I verified that explicitly using thrust::seq in @zasdfgbnm's reproducer produces the correct results:

#include <thrust/binary_search.h>
#include <thrust/execution_policy.h>
#include <stdio.h>
#include <type_traits>

__global__ void lowerbound(float inp_val) {
    constexpr int size = 6;
    float a[size] = {0.1, 0.2, 0.4, 0.6, 0.8, 1.};
    auto result = thrust::lower_bound(thrust::seq, a, a + size, inp_val);
    printf("%ld\n", result - a);
}

int main() {
    lowerbound<<<1,1>>>(0.0);
    lowerbound<<<1,1>>>(0.1);
    lowerbound<<<1,1>>>(0.2);
    lowerbound<<<1,1>>>(0.3);
    lowerbound<<<1,1>>>(0.4);
    lowerbound<<<1,1>>>(0.5);
    cudaDeviceSynchronize();
}
...
0
0
1
2
2
3

So clearly something bad is happening in the translation of thrust::device to the equivalent of thrust::seq/thrust::generic.

jrhemstad commented 2 years ago

I'm still baffled by the expectation that thrust::device inside a kernel does not imply CDP.

Looking at the generated PTX, invoking thrust::lower_bound(thrust::device,...) is definitely attempting to use CDP: https://godbolt.org/z/K7fMsPPKK

fkallen commented 2 years ago

I think the issue is in the usage of cross-system copy_n: https://github.com/NVIDIA/thrust/blob/main/thrust/system/detail/generic/binary_search.inl#L153

For example, for lowerbound<<<1,1>>>(0.5); using thrust::device works if copy_n is replaced by ordinary assignments

  thrust::detail::temporary_array<T,DerivedPolicy>          d_value(exec,1);
  thrust::detail::temporary_array<OutputType,DerivedPolicy> d_output(exec,1);

  (*d_value.begin()) = value;

  // perform the query
  thrust::system::detail::generic::detail::binary_search(exec, begin, end, d_value.begin(), d_value.end(), d_output.begin(), comp, func);

  OutputType output;
  output = *d_output.begin();

  return output;

I also tried to add assert((*d_value.begin()) == value); after the first copy_n.
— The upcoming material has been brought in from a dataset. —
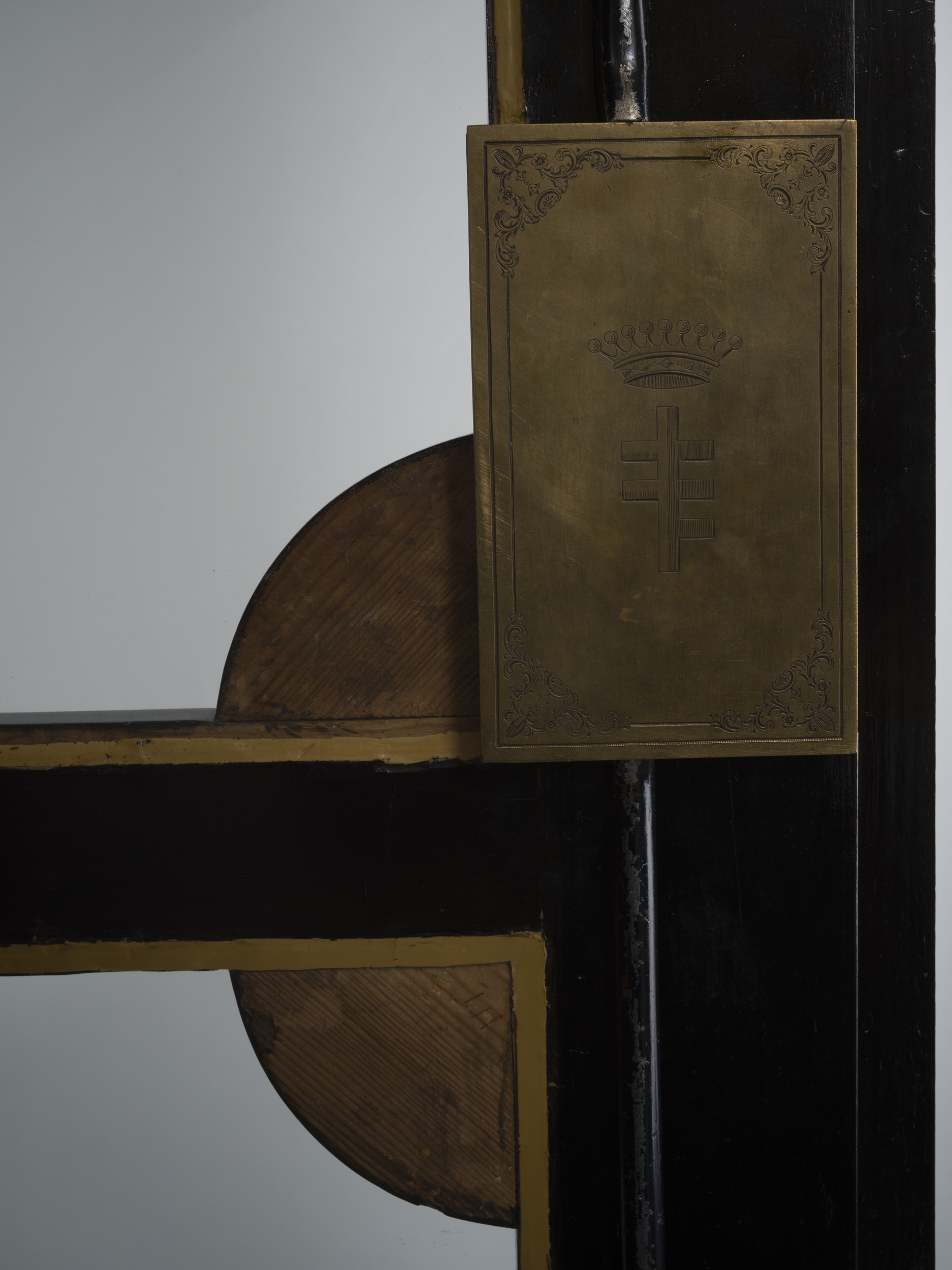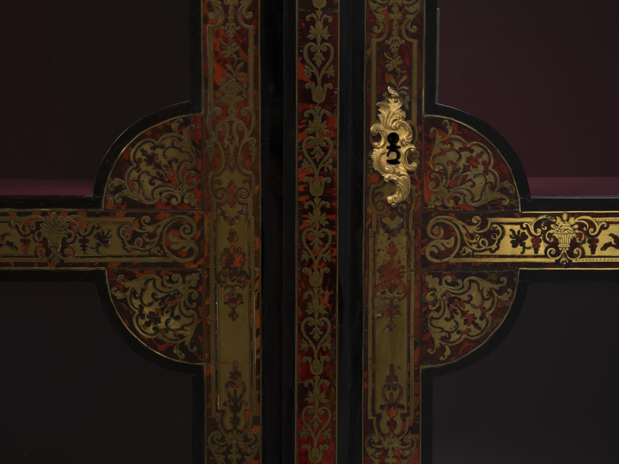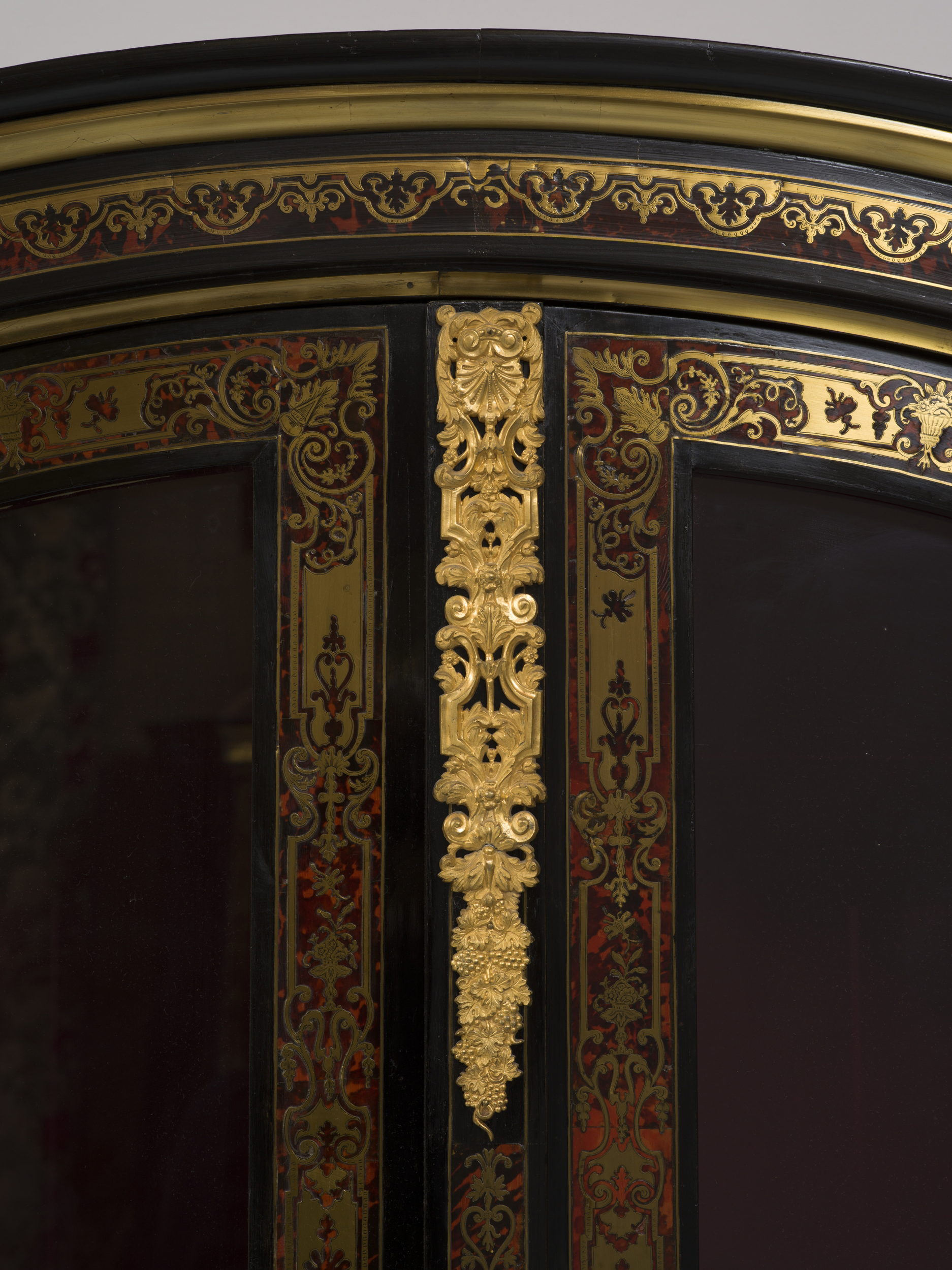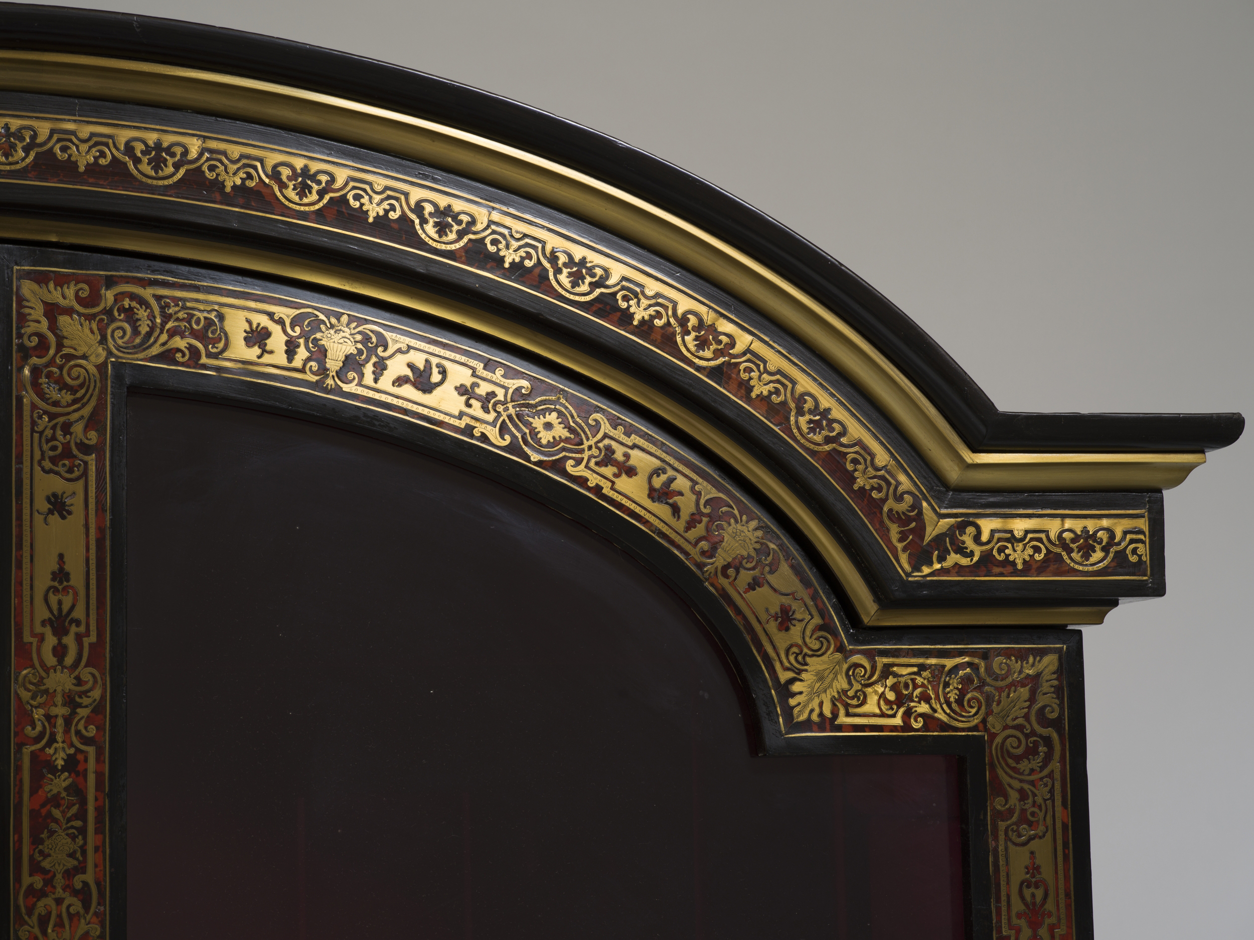 Jedna z pary (Wil.3093, Wil.3094) szczególnie cennych bibliotecznych szaf witrynowych z epoki Ludwika XIV przypisanych ebeniście paryskiemu Nicolas Sageot. Obok najwyższej klasy mistrza markieterii André-Charlesa Boulle’a dzieła Sageot cieszyły się najwyższym uznaniem dworskiej klienteli. Prostopadłościenna forma mebla z wystającym gzymsem wieńczącym w kształcie łuku, ustawiona na niskim cokole przechodzącym w cztery nogi zachwyca prostotą i proporcjami. Dwuskrzydłowe drzwi są w całości przeszklone czterema taflami przedzielonymi listewkami. Główny walor mebla stanowi inkrustowana dekoracja w zestawieniu czerni hebanu, brunatnej czerwieni szylkretu i złoconego mosiądzu pokrywająca powierzchnie fasadowe. Ramy dwuskrzydłowych witrynowych drzwi zdobi bordiura rytmicznie powtarzającej się sekwencji motywów arabeskowych misternie wyciętych z mosiężnej blachy i szylkretu, inspirowanych wzorcami Jeana Béraina (1640-1711). Technologia markieterii polegająca na równoczesnym wycinaniu rysunku ornametu ze złożonych warstwowo arkuszy, w tym wypadku szylkretu i mosiądzu, pozwala na pełne wykorzystanie użytego materiału przy wyrobie pary bliźniaczych szaf, w których w jednej z nich tłem jest brunatno-czerwony szylkret ze złotym ornamentem (premier partie), w drugiej złocony metal jest tłem dla brunatno-czerwony szylkretowego ornamentu (contre partie). Ozdobne okucia listwy drzwiowej to pozostałości nie zachowanej dekoracji plakietami z mosiądzu złoconego. Omawiana szafa reprezentuje wilanowską kolekcję wyjątkowej jakości mebli markietowanych, które stanowią chlubę najbardziej prestiżowych kolekcji. W muzeum Potockich były miejscem ekspozycji pamiątek narodowych w apartamentach królewskich.

This assertion fails in above test case when thrust::device is used.

Stepping through the code using cuda-gdb seems impossible because of an Illegal Instruction error during execution when compiled with -G

weiguangzhao commented 1 year ago

Looking forward to the updated version. And ”thrust::seq“ works for me.